Personal information
- Full name: Facundo Gabriel Zabala
- Date of birth: 2 January 1999 (age 27)
- Place of birth: Rosario, Argentina
- Height: 1.72 m (5 ft 8 in)
- Position: Left-back

Team information
- Current team: Independiente
- Number: 22

Youth career
- 2018–2019: Rosario Central

Senior career*
- Years: Team / Apps / (Gls)
- 2018–2021: Alajuelense / 57 / (2)
- 2021–2022: APOEL / 44 / (3)
- 2022–2023: Venezia / 1 / (0)
- 2023: → Olimpia (loan) / 39 / (2)
- 2024–2025: Olimpia / 51 / (1)
- 2025: → Al Ain (loan) / 0 / (0)
- 2025–: Independiente / 26 / (0)

= Facundo Zabala =

Argentine footballer

Facundo Gabriel Zabala (born 2 January 1999) is an Argentine professional footballer who plays as a left-back for Independiente.

==Career==
In 2017, Zabala almost signed for Italian Serie A side Catania Calcio but the transfer never happened.
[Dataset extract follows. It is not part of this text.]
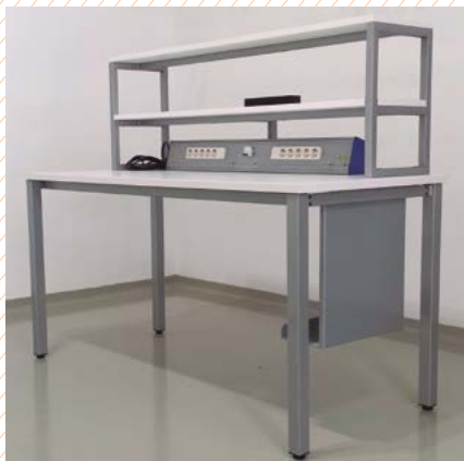
Computer Table. SCHOOL PARK. PORTUGAL

For the second half of 2018–19, he signed for Alajuelense in the Costa Rican top flight from the youth academy of Argentine top flight club Rosario Central.

===APOEL===
For the second half of the season he joined APOEL making his debut in a 3–1 win against Nea Salamina. He scored his first goal for Apoel in a 1–0 win against rivals AC Omonia sending APOEL to the semi-finals of the cup.

===Venezia===
On 1 July 2022, Zabala signed a contract with Italian club Venezia for three seasons, with an option for a fourth. On 10 January 2023, he was loaned to Olimpia in Paraguay until 31 December 2023, with an option to buy. On 8 December 2023, Venezia announced that Olimpia exercised their option to make the transfer permanent, effective in January 2024.